The ability to detect and match features across multiple views of a scene is a crucial first step in many computer vision
algorithms for dynamic scene analysis. State-of-the-art methods such as SIFT and SURF perform successfully when
applied to typical images taken by a digital camera or camcorder. However, these methods often fail to generate an
acceptable number of features when applied to medical images, because such images usually contain large homogeneous
regions with little color and intensity variation. As a result, tasks like image registration and 3D structure recovery
become difficult or impossible in the medical domain.
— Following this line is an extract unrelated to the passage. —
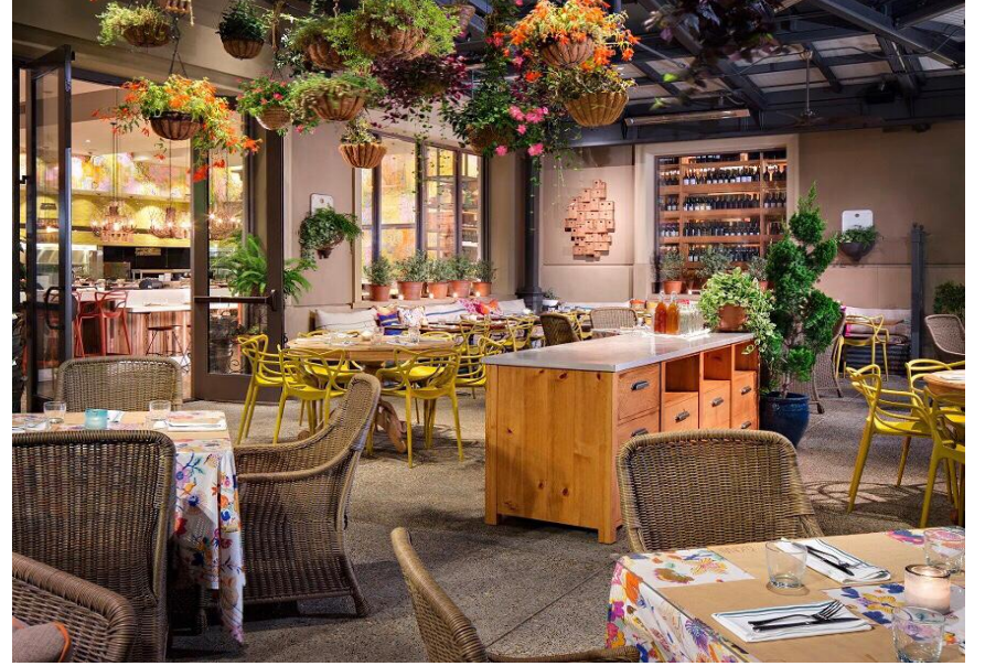
main patio buy out (private) for parties up to 72 guests

This paper presents a scale, rotation and color/illumination invariant feature detector and descriptor for medical
applications. The method incorporates elements of SIFT and SURF while optimizing their performance on medical data.
Based on experiments with various types of medical images, we combined, adjusted, and built on methods and
parameter settings employed in both algorithms. An approximate Hessian based detector is used to locate scale invariant
keypoints and a dominant orientation is assigned to each keypoint using a gradient orientation histogram, providing
rotation invariance. Finally, keypoints are described with an orientation-normalized distribution of gradient responses at
the assigned scale, and the feature vector is normalized for contrast invariance. Experiments show that the algorithm
detects and matches far more features than SIFT and SURF on medical images, with similar error levels.